## Exercise details
Print exactly the lines of the listing below from the one containing "Празднование после регистрации: В" through the final line, both included, and no pictures.

## Given data
++++++

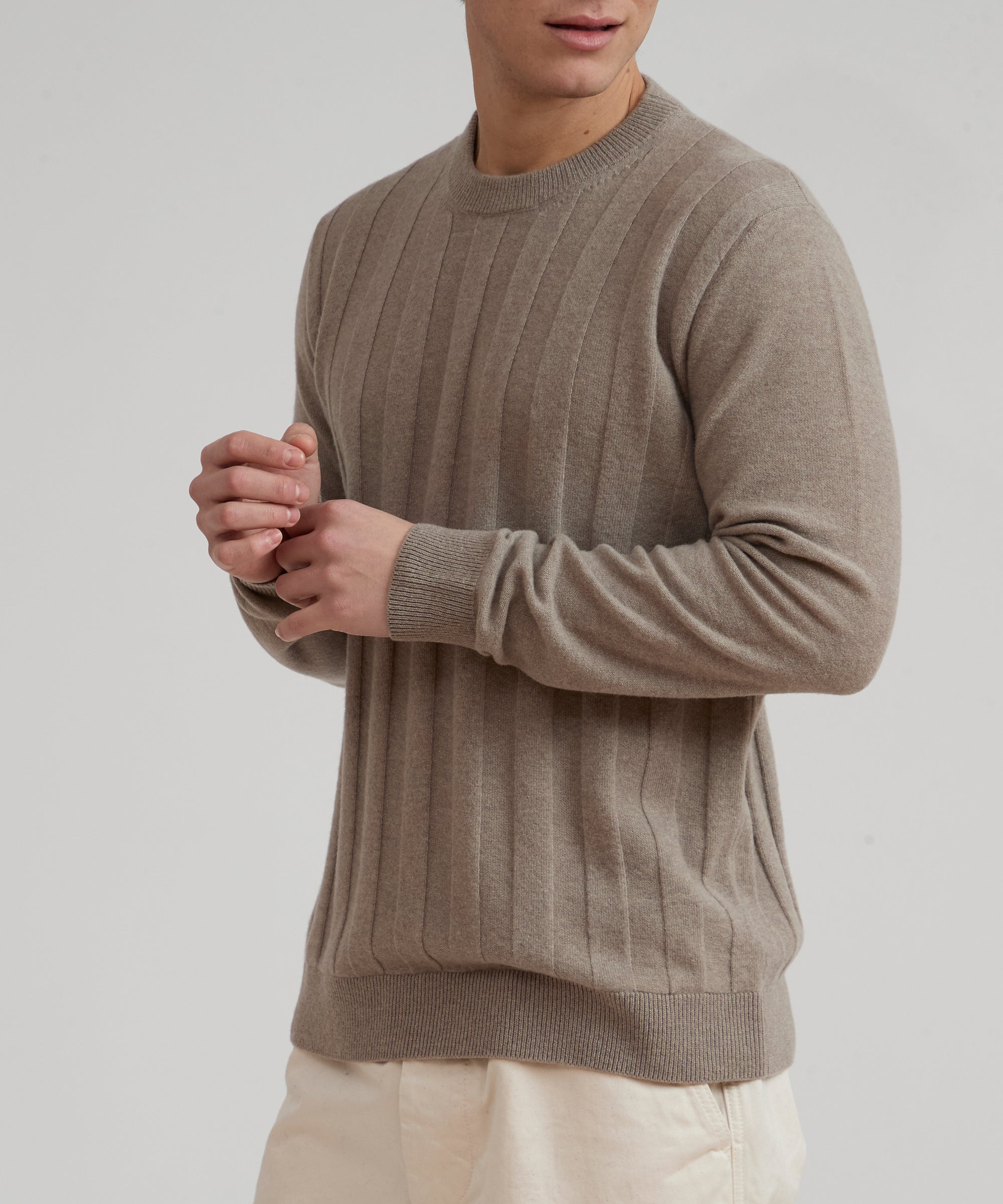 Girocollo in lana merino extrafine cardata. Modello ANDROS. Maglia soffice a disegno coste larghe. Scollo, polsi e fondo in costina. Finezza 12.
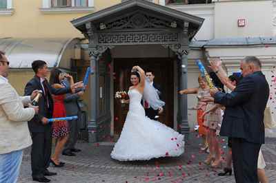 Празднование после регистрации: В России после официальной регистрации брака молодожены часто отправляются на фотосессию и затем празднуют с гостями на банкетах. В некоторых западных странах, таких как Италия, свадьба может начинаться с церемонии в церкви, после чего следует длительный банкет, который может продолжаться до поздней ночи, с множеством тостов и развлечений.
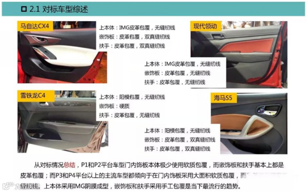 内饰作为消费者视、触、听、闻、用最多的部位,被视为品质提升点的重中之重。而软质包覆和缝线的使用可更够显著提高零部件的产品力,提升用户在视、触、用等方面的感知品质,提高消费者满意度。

++++++

## Exercise result
 Празднование после регистрации: В России после официальной регистрации брака молодожены часто отправляются на фотосессию и затем празднуют с гостями на банкетах. В некоторых западных странах, таких как Италия, свадьба может начинаться с церемонии в церкви, после чего следует длительный банкет, который может продолжаться до поздней ночи, с множеством тостов и развлечений.
 内饰作为消费者视、触、听、闻、用最多的部位,被视为品质提升点的重中之重。而软质包覆和缝线的使用可更够显著提高零部件的产品力,提升用户在视、触、用等方面的感知品质,提高消费者满意度。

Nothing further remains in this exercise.